The Service requires that the Stick(s) remain powered on, connected to a WiFi network and plugged in to Approved Screen(s) operating at an approved Operator Site at all times. You agree to feature the Tapfeed Stream on said Approved Screen(s) during at least 90% of operating hours. In the event of a Viewer Response to an Operator Message, the Tapfeed Bot will transmit the promotional code associated with such response to the Viewer. You agree to accept all of Your Promo Codes redeemed by Viewers and to make reasonable efforts to create and upload Operator Messages intended to generate Viewer Responses. Tapfeed may audit Your use of and access to the Service, including total streaming time of the Service at the Operator Site, total Operator Messages and/or Third-Party Ads displayed, total bandwidth usage, and total uptime, and may suspend Your access to or use of the Service at any time, in its sole discretion, for any improper, unlawful, or otherwise fraudulent use of the Service, or for Your non-compliance with any term of this Agreement or any content guidelines that Tapfeed may provide to You.

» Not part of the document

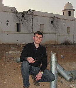 J'ai donc gagné une caserne, elle aussi mitraillée et saccagée, où un groupe de jeunes miliciens d'un des clans de Sebha avait établi ses quartiers. Tout aussi amusés qu'étonnés de voir débarquer un européen sac au dos, ces miliciens m'ont donné à manger et m'ont prêté un matelas ; j'ai pu passer la nuit en leur compagnie, en sécurité.

To mitigate the risk of a data breach, each Stick will automatically initiate a security update one time per month. The update can take several hours and You agree to not turn off the Stick(s) while the update is being performed. If there are any technical issues with the Stick(s) or the Service, You agree to inform email@example.com immediately.
The monthly fee for the Operator’s use of the Stick(s) and access to the Service will be [$0] (the “Subscription Fee”) for the first 30 days. After the first 30 days of the Service, the Operator can either opt in to a subscription plan featured on barcast.tv or continue their free use of the service. Operator shall pay the monthly Subscription Fee in advance for the following one month of the Service, until termination of this Agreement. The Subscription Fee is non-refundable. Payments will be made in US Dollars by ACH, Wire Transfer, or Credit Card.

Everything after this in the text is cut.